06.08.2007 | Гусятинский Евгений | № 26 от 6 августа 2007 года

В один день скончались Ингмар Бергман и Микеланджело Антониони.
В этом совпадении можно увидеть не только логику судьбы и большой истории, но и последний жест тех, кто всегда знал, как поставить точку.
Есть фигуры, которые не нуждаются в некрологах. Они всегда больше написанных о них слов. Картины Бергмана и Антониони, как и их уход, говорят сами за себя, не требуя разъяснений. Тем более что фигуры речи — последнее, к чему стремились их фильмы, навсегда оправдавшие существование кинематографа как искусства, не переводимого на язык слов и порой более реального, чем жизнь
Об Антониони рассказывает его постоянный соавтор и друг Тонино Гуэрра, о Бергмане — актриса Мария Бонневи, прошедшая его театральную школу.
О великих режиссерах размышляют современный классик Александр Сокуров и представитель нового поколения авторского кино Андрей Звягинцев.

 

«Для людей очень большого масштаба сегодняшнее время является ничтожным. Оно не представляет интереса. Все становится примитивным — жизнь человека, его подход к реальности... В эпоху, наступившую после Антониони и Бергмана, такие художники возможны все меньше и меньше».

Александр Сокуров —
Евгению Гусятинскому

«Когда я видел фотографии
Бергмана или Антониони
— я видел других людей, людей
европейского склада. Таких лиц
вокруг меня не было»

Александр Николаевич, что лично для Вас означает уход Бергмана и Антониони?
Никуда они не уходят. Они остаются. Это мы уходим куда-то... О том, что Антониони и Бергман тяжело больны, я знал давно. Несколько раз намечались мои встречи с ними, но из-за ухудшения их здоровья они не состоялись. Антониони в моем представлении всегда был человеком в большом возрасте, преклонных лет. Я впервые увидел его на фотографии, и на ней он выглядел почти стариком. Конечно, как и Бергман, он представлял для меня совершенно другую культуру, абсолютно отличную от того, что происходило в Советском Союзе. Я видел, с каким откровенным раздражением некоторые советские режиссеры говорили об Антониони и Бергмане. Конечно же, это была зависть. Отрыв Бергмана и Антониони от уровня в том числе и советской профессиональной среды был очень значительным. Даже Феллини многим казался более близким, доступным. А Бергман и Антониони существовали на непреодолимой дистанции. Этот отрыв произошел в результате их режиссерской эволюции. Бергман не стал Бергманом сразу. То же самое касается и Антониони. Прежде чем Бергман стал делать очень глубокие картины, он снял ряд обычных фильмов. Он очень постепенно набирал скорость, а когда ее набрал, то уже не терял.
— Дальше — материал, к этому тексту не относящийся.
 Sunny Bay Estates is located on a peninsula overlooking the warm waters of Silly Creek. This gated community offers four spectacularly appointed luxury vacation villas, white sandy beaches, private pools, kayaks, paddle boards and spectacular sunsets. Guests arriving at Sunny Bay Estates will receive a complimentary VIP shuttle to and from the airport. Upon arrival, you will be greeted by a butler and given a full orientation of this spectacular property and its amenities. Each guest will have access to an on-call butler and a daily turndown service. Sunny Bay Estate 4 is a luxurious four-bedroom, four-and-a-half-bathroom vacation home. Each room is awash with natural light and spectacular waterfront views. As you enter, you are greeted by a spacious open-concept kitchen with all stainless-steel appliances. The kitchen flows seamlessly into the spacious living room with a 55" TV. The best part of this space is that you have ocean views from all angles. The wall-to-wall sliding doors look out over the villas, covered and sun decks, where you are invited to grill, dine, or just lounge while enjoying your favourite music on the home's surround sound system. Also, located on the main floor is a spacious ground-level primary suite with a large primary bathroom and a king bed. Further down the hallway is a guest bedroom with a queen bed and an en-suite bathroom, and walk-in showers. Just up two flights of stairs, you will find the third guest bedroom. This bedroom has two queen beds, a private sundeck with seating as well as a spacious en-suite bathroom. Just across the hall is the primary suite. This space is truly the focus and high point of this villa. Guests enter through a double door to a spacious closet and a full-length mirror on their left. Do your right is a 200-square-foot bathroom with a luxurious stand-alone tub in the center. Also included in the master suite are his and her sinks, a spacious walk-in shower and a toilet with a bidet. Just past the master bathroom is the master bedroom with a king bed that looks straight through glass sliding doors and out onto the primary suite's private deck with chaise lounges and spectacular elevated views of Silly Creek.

Для Вас они являлись в большей степени мифологическими фигурами? Какими людьми Вы их себе представляли?
Честно скажу, никогда не думал об этом. Мне было достаточно мгновений, когда я видел фотографии Бергмана или Антониони — я видел других людей, людей европейского склада. Таких лиц вокруг меня не было. Наверняка такие лица в Советском Союзе были — в физических, математических институтах, посмотрите на Ландау или Капицу… Но в кино таких не было. Они были для меня отстраненными символами развития европейской цивилизации.
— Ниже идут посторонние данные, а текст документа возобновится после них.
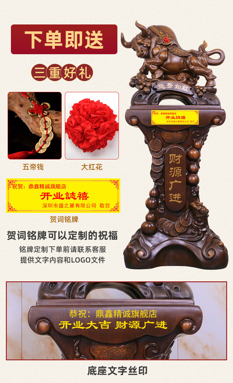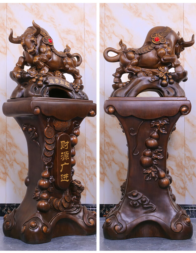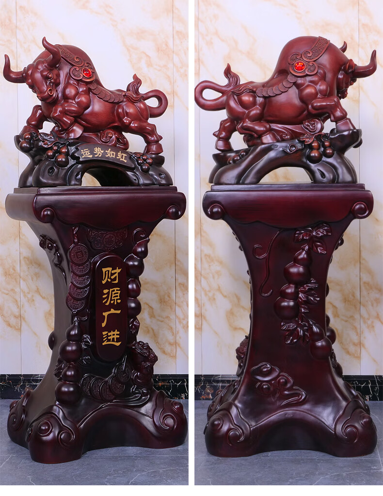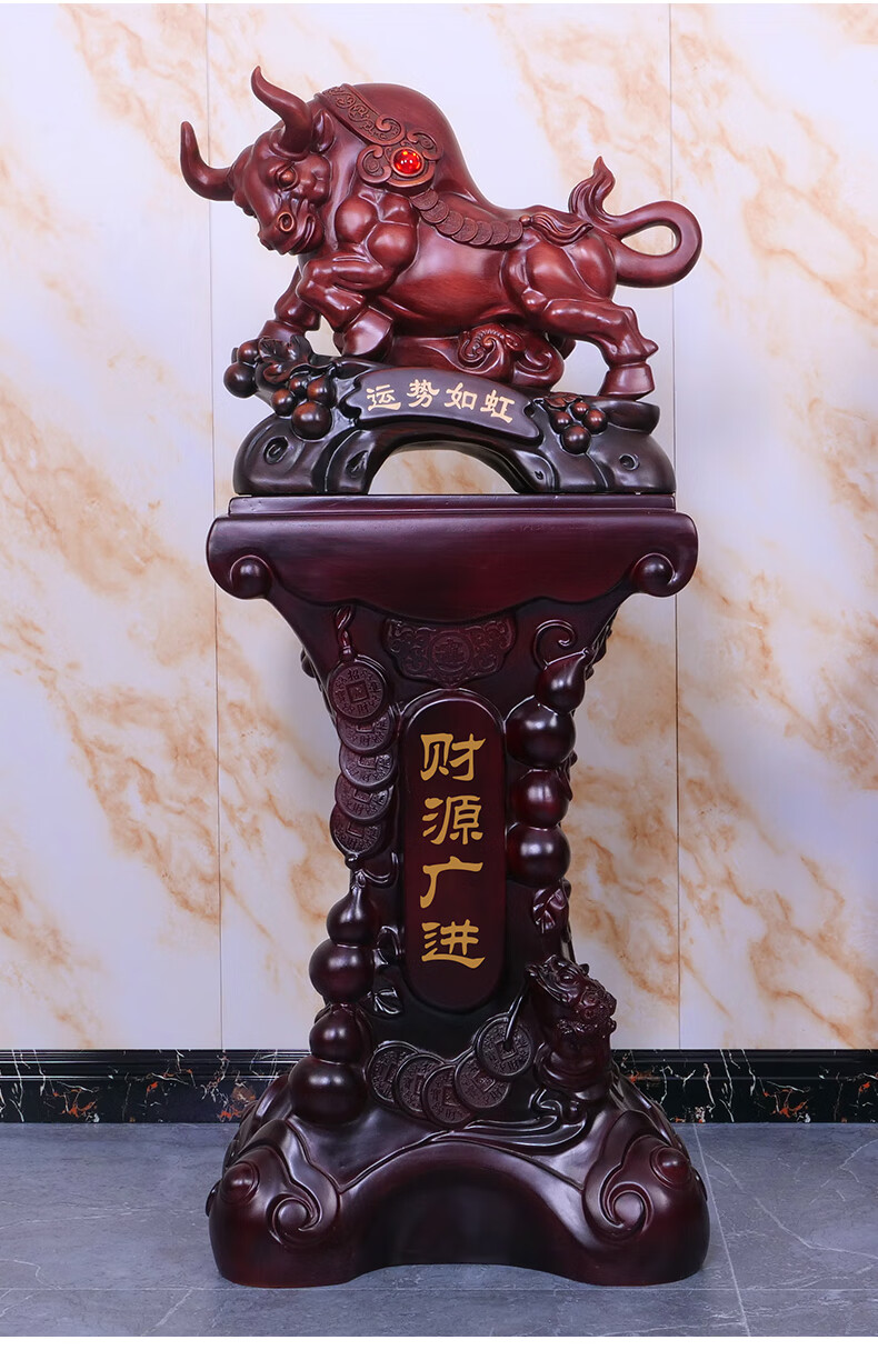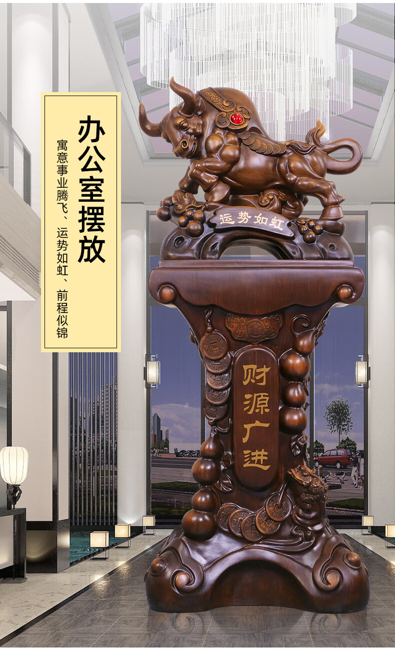 Dingxin Jingcheng cow ornaments, fortune is like a rainbow, company opening housewarming gift large ornaments, office God rewards those who work hard, floor-standing decorations 1.32 meters - fortune is like a rainbow, sandalwood color
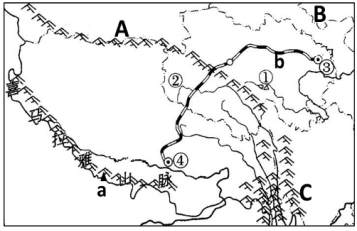 (3)2006年7月1日,世界上海拔最高、线路最长的高原铁路——________铁路全线通车,该铁路自城市③________出发,终点是城市④________。
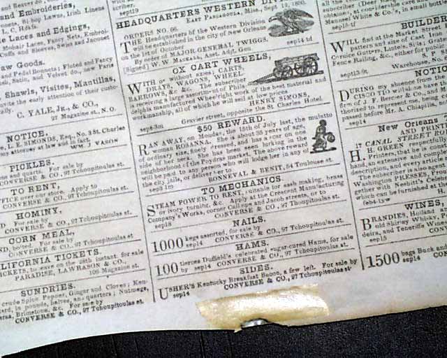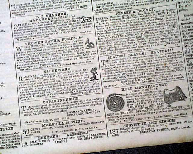 The front page has an illustrated ad: "$20 Reward" for a runaway mulatto boy. Also of interest is a front page ad headed: "Slaves! Slaves!! Slaves!!!" which notes in part: "The subscribers are prepared to receive, on consignment, for sale in this market, any number of slaves, having one of the best showrooms in the city, & large & comfortable quarters where every attention will be paid to their comfort. Merchants, planters, and families having slaves to dispose of will find it to their interest to place them in our charge..." with a bit more.
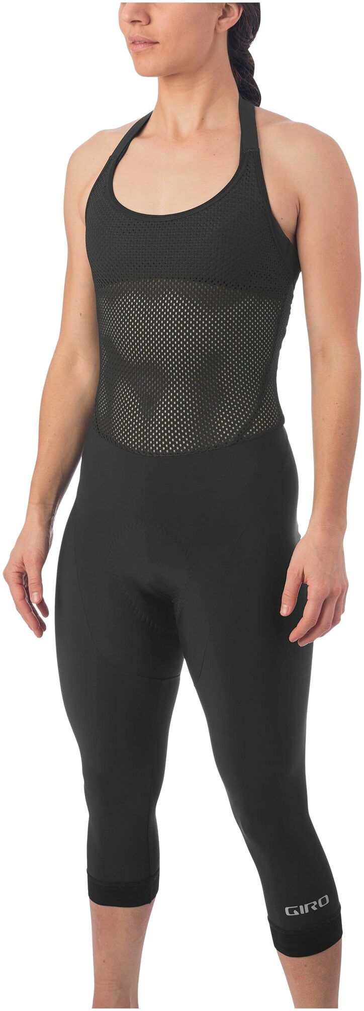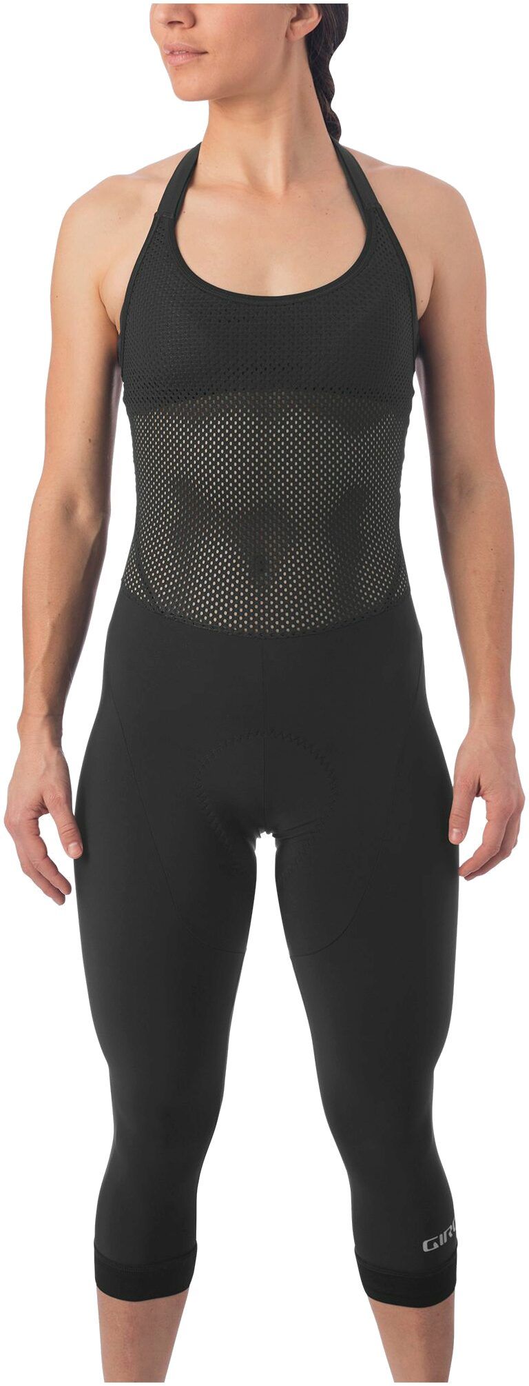 Enjoy the yoga legging style and the convenience of an easy-to-remove design with the Women's Chrono Expert Halter Bib Knicker. Whether you are looking for a flattering fit like your favorite pair of yoga tights or extra coverage on cooler days, knicker-length bib shorts are the perfect solution. But bibs can be a challenge when nature calls. So Giro has expanded on the popularity of Giro's Chrono Expert Halter Bib design by offering a knicker-length option (And you still don't have to be Houdini when you need to make a stop). Giro use premium Italian fabrics from Giro's Renew Series to reduce impact on the planet while maintaining optimal performance and great compression for muscles, while a fantastic Chrono Expert Elastic Interface Renew Series chamois ensures comfort and stability in the saddle. The fit is engineered so that the entire garment works to support your body in motion.

А сейчас такие символы есть?
Наверное, я мало смотрю, но из европейцев никого не могу назвать. Я считаю, что великим режиссером является Кира Муратова — это грандиозный художник. Для меня она фигура номер один в современном кино. С ней никого нельзя сопоставить. Это режиссер бергмановского масштаба. Какое-то время мне казалось, что очень серьезной фигурой является Ларс фон Триер, но сейчас я поостыл к нему, мне так уже не кажется.

Символично, что Бергман и Антониони не только пришли в кинематограф приблизительно в один и тот же момент — в середине сороковых, не только умерли с разницей в несколько часов, но и отошли от профессии практически одновременно, хотя и по разным причинам. Оба, конечно, продолжали работать, но уже не так интенсивно, как раньше. Они перестали активно снимать в начале восьмидесятых, а именно тогда распространились разговоры о «смерти кино», о том, что оно исчерпало себя как искусство. Кстати, так говорил и Вим Вендерс, во многом — последователь Антониони…
Наверное, Бергман перестал работать потому, что в этом уже не было никакой необходимости — прежде всего для его души. Работа в кино не столь благородна, как может показаться. Бергман же переключился на театр, на литературу. Я думаю, он правильно поступил. Антониони поразила страшная болезнь — это, конечно, основное обстоятельство его ухода из кино, но, мне кажется, он столкнулся и с творческим истощением. Об одной из его последних картин говорили, что это эксперимент с цветом, но эксперимент оказался самоцельным. Кончились идеи, и в этом нет ничего плохого. Изменилось время, тем более Антониони жил в Европе, в Италии, в более активном пространстве, чем Швеция — страна совершенно отдельная, во многом «островная», изолированная. Италия подарила миру огромное количество искусства, у нее колоссальные, выдающиеся художественные традиции. В этом смысле ее не сравнить со Швецией. Кроме Стриндберга, Бергмана и автомобиля Volvo, в Швеции ничего, по сути, и не было. Тем не менее мне кажется, что тихий уход Бергмана из кино произошел из-за активной невостребованности.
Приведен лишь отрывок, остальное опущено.